> **DIRECTIONS**: For the material below, reproduce exactly each line from the one that has "Poltrona Decorativa Base" through the one that has "關鍵零組件之彩色濾光片產業方", and no others; pictures stay out.

> **DATASET RECORDS**:
──────────────────────────────

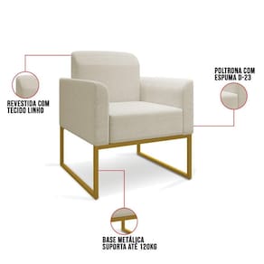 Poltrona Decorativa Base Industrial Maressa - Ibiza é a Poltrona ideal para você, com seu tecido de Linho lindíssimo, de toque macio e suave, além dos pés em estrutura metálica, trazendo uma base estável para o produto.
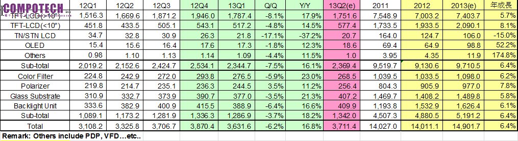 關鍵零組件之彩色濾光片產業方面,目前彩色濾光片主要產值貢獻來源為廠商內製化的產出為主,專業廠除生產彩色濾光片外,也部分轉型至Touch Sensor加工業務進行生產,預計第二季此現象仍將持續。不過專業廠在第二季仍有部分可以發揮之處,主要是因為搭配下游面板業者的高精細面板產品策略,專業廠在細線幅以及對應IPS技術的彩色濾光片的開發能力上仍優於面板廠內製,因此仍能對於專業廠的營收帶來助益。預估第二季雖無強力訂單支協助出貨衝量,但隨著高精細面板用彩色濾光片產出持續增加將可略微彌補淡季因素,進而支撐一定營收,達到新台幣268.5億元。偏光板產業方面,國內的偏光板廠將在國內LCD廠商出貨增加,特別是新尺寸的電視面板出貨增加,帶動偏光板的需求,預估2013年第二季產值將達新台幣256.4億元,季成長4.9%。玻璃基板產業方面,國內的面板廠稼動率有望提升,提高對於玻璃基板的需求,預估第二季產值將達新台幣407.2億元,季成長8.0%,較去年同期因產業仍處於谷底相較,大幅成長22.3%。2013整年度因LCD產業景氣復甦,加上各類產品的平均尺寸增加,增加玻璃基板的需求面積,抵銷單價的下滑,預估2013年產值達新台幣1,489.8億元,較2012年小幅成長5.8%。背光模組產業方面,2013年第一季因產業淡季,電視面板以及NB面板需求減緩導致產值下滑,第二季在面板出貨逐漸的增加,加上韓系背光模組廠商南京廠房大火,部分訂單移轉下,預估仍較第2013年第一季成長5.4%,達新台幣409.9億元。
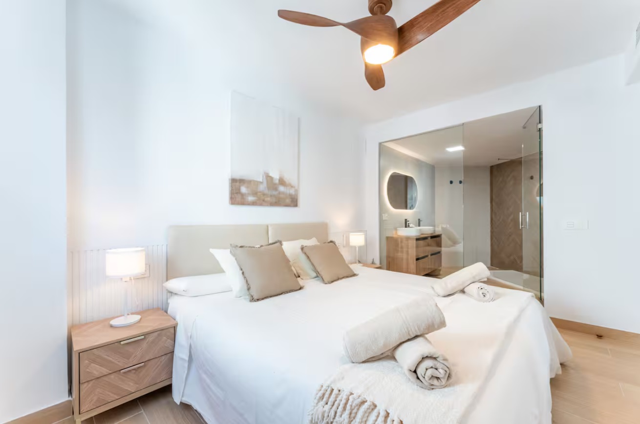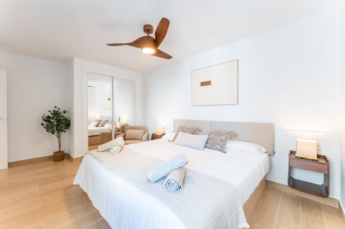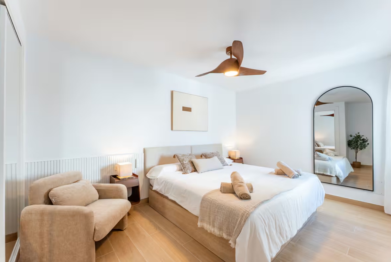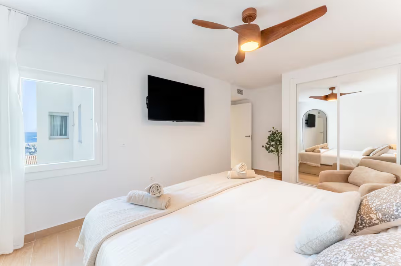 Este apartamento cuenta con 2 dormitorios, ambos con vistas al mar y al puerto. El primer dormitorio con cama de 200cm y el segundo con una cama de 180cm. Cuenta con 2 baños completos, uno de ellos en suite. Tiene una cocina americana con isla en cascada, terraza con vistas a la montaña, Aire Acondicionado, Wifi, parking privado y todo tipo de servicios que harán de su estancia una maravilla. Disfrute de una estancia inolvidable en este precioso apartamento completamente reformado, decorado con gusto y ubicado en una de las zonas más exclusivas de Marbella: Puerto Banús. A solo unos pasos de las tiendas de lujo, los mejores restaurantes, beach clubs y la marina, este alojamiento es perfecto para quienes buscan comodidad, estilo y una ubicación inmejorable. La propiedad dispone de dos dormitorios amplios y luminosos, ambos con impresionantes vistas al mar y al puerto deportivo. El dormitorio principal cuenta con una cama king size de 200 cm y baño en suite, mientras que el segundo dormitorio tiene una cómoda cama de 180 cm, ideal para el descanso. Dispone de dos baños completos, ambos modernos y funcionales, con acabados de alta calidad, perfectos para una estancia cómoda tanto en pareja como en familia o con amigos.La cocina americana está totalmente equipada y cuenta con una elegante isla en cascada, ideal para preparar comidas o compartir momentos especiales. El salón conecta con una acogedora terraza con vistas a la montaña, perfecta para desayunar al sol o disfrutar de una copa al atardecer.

──────────────────────────────

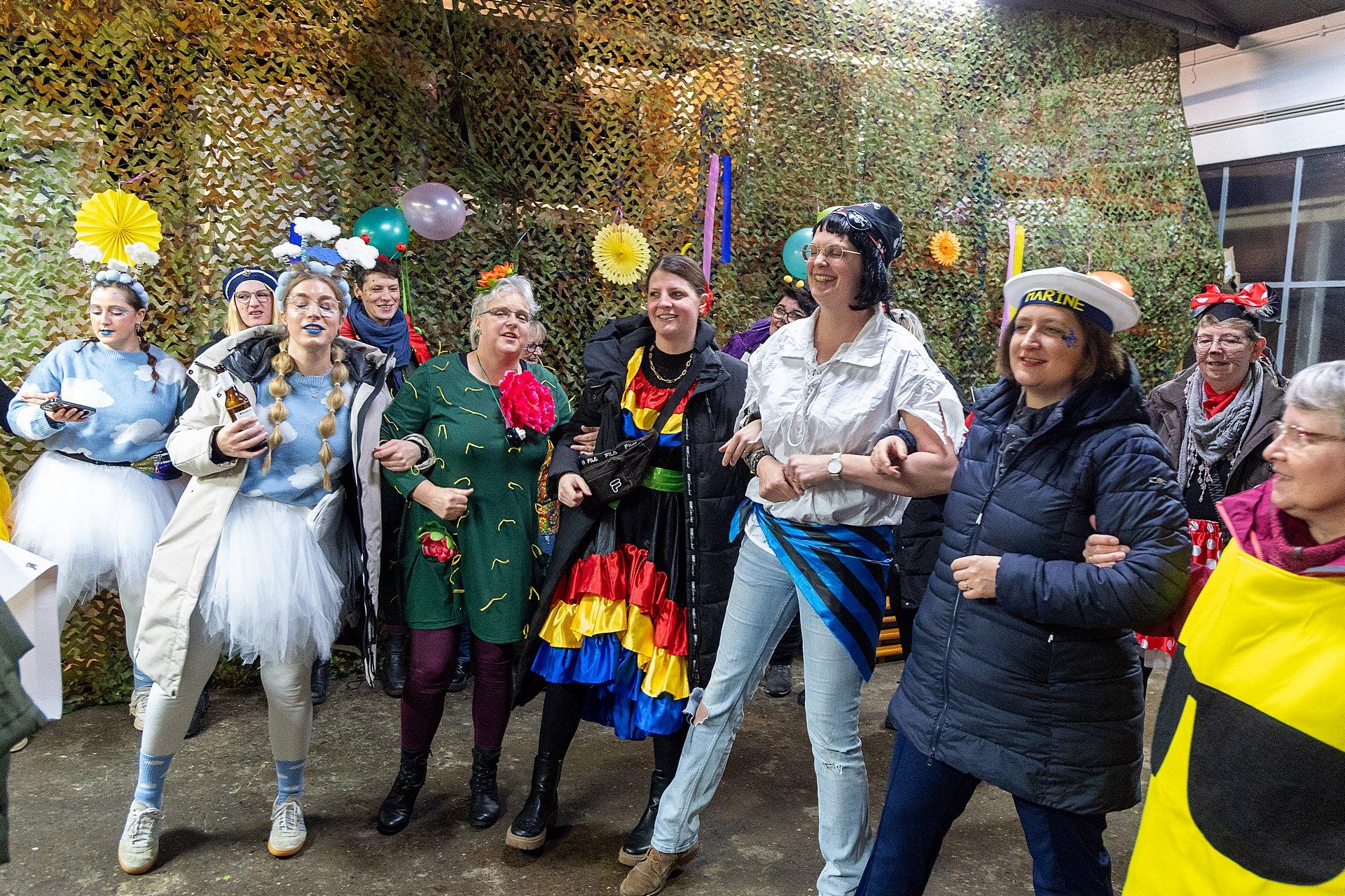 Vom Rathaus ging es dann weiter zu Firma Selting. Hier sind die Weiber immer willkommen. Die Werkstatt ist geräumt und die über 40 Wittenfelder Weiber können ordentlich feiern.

──────────────────────────────

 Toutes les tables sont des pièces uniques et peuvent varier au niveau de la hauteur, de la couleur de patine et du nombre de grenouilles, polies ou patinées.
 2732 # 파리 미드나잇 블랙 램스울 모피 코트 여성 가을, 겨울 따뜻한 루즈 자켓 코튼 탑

──────────────────────────────

> **EXERCISE SOLUTION**:
 Poltrona Decorativa Base Industrial Maressa - Ibiza é a Poltrona ideal para você, com seu tecido de Linho lindíssimo, de toque macio e suave, além dos pés em estrutura metálica, trazendo uma base estável para o produto.
 關鍵零組件之彩色濾光片產業方面,目前彩色濾光片主要產值貢獻來源為廠商內製化的產出為主,專業廠除生產彩色濾光片外,也部分轉型至Touch Sensor加工業務進行生產,預計第二季此現象仍將持續。不過專業廠在第二季仍有部分可以發揮之處,主要是因為搭配下游面板業者的高精細面板產品策略,專業廠在細線幅以及對應IPS技術的彩色濾光片的開發能力上仍優於面板廠內製,因此仍能對於專業廠的營收帶來助益。預估第二季雖無強力訂單支協助出貨衝量,但隨著高精細面板用彩色濾光片產出持續增加將可略微彌補淡季因素,進而支撐一定營收,達到新台幣268.5億元。偏光板產業方面,國內的偏光板廠將在國內LCD廠商出貨增加,特別是新尺寸的電視面板出貨增加,帶動偏光板的需求,預估2013年第二季產值將達新台幣256.4億元,季成長4.9%。玻璃基板產業方面,國內的面板廠稼動率有望提升,提高對於玻璃基板的需求,預估第二季產值將達新台幣407.2億元,季成長8.0%,較去年同期因產業仍處於谷底相較,大幅成長22.3%。2013整年度因LCD產業景氣復甦,加上各類產品的平均尺寸增加,增加玻璃基板的需求面積,抵銷單價的下滑,預估2013年產值達新台幣1,489.8億元,較2012年小幅成長5.8%。背光模組產業方面,2013年第一季因產業淡季,電視面板以及NB面板需求減緩導致產值下滑,第二季在面板出貨逐漸的增加,加上韓系背光模組廠商南京廠房大火,部分訂單移轉下,預估仍較第2013年第一季成長5.4%,達新台幣409.9億元。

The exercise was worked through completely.